Amortization Schedule

Car Loan Amortization Schedule

Car Loan Amortization Schedule Reveals Your Lender's Motive

Ever wonder why a person can buy a new car, drive it off a lot and find they owe more than the car is worth, even if they made a large down payment? Two factors come into play to make this happen. The first is natural depreciation. The second one you can discover by reviewing a car loan amortization schedule.

A car loan amortization schedule works just like a mortgage loan amortization schedule. The only difference is the principal amounts and payment terms will be much, much shorter. A car loan amortization schedule is nothing more than a document or a computer printout that shows how principal and interest payments will work over the life of the loan. This schedule also shows how lenders compound interest on the principal to ensure that they make some money. When you take out a car loan over a 5-year term, the 5 percent interest rate, for example, compounds. This means repaying a $10,000 loan will involve an amount much higher than $10,500 if you keep the loan over the entire 60 months.
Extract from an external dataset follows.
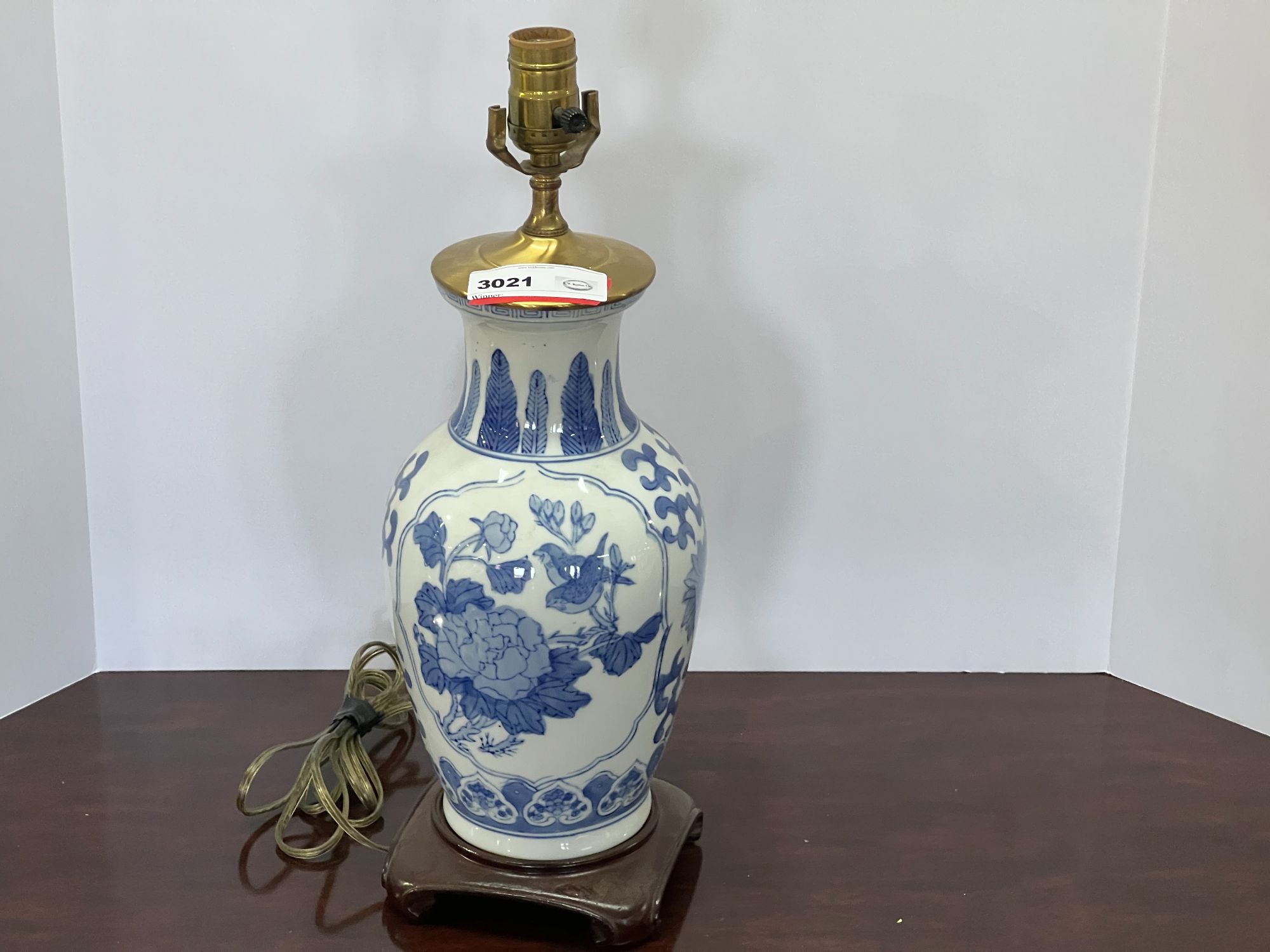 Lovely vintage blue and white porcelain vase lamp with brass accent, see pictures for details.

Using an auto loan amortization schedule to see exactly how payments work can be a smart thing for a buyer to do. Not only does this show you the fine details of a loan offer, it also shows exactly why simple interest loans and early repayment can save you a bundle. A typical car loan amortization schedule will show much higher interest payments on the front end of the loan. The first year or more of payments will almost only go to service the money the bank or lender intends to make. This means you only reduce the principal by a small amount. This is the amount the interest will compound on. When you pay extra against the principal, an option you have with a simple interest loan, you can reduce the overall repayment dramatically. While the "regular payments" will continue, the principal amount will go down much faster. As it does, the money the lenders can charge interest on will go down, too.

While loan amortization schedules won't help with the depreciation problem, it can help a person see how to get out of being upside down much faster. Even slightly higher than normal payments can help chip away at the principal amount and enable a car buyer to pay out less over the life of the loan. It's also possible that higher or extra payments can buy a person out of a loan quicker and for a lower overall payout than the regular terms. The banks don't love this, but the truth is working a car loan amortization schedule to your advantage is smart and acceptable. Most lenders will provide a schedule after you sign for the loan, but they you can also create one using programs on the Internet.